Deferred taxes are provided on a liability method whereby deferred tax assets are recognized for deductible temporary differences and operating loss and tax credit carryforwards and deferred tax liabilities are recognized for taxable temporary differences. Temporary differences are the differences between the reported amounts of assets and liabilities and their tax basis. Deferred tax assets are reduced by a valuation allowance when, in the opinion of management, it is more likely than not that some portion or all of the deferred tax assets will be realized. Deferred tax assets and liabilities are adjusted for the effects of changes in tax laws and rates.

Net deferred tax assets consisted of the following as of December 31, 2009 and 2008:

F-8


   
December 31,
 
   
2009
   
2008
 
Deferred tax assets
  $ (922,192 )   $ (865,880 )
Valuation allowance
    922,192       865,880  
Net deferred tax assets
  $ -     $ -  

At December 31, 2009 and 2008, Datone had net operating loss carry forwards of approximately $2,364,594 and $2,220,204, respectively that may be offset against future taxable income through 2028.

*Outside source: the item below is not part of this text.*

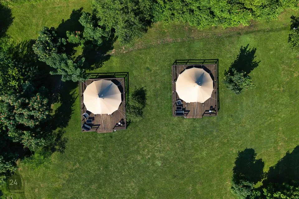 * 2 glämping-telkmaja terrassidega – mõeldud kasutamiseks suveperioodidel

NOTE 7 – SUBSEQUENT EVENTS

On January 26, 2010, Datone formed a new entity, DT Communications, Inc., incorporated under the laws of the State of Delaware. DT Communications is a wholly owned subsidiary of Datone. Datone plans to spin-off all of its assets and liabilities to DT Communications.

On February 10, 2010, Datone issued 3,136,768 common shares to Calloway Properties to repay $43,500 of debt.

On February 12, 2010, Datone entered into and closed a Share Purchase and Exchange Agreement with Glory Reach International Limited, a Hong Kong limited company, its shareholders, Greenwich Holdings LLC, and Glory Reach’s wholly owned subsidiary Hongguan Shoes Co., Ltd., a People’s Republic of China limited company.  Pursuant to the Exchange Agreement, Datone acquired all of the outstanding shares of Glory Reach from the Glory Reach Shareholders; and the Glory Reach Shareholders transferred and contributed all of their Interests to us. In exchange, Datone issued to the Glory Reach Shareholders 10,000 shares of Series A Preferred stock, which constituted 97% of Datone’s issued and outstanding capital stock on an as-converted to common stock basis as of and immediately after the consummation of the transactions contemplated by the Share Exchange Agreement.  Therefore, Glory Reach became a wholly-owned subsidiary of Datone. The Share Exchange resulted in a change in control of the Company.

On February 12, 2010, Datone borrowed $15,000 from Joseph Passalaqua, a Director and shareholder of Datone. The note is unsecured, due on demand and bears interest at 18% per annum.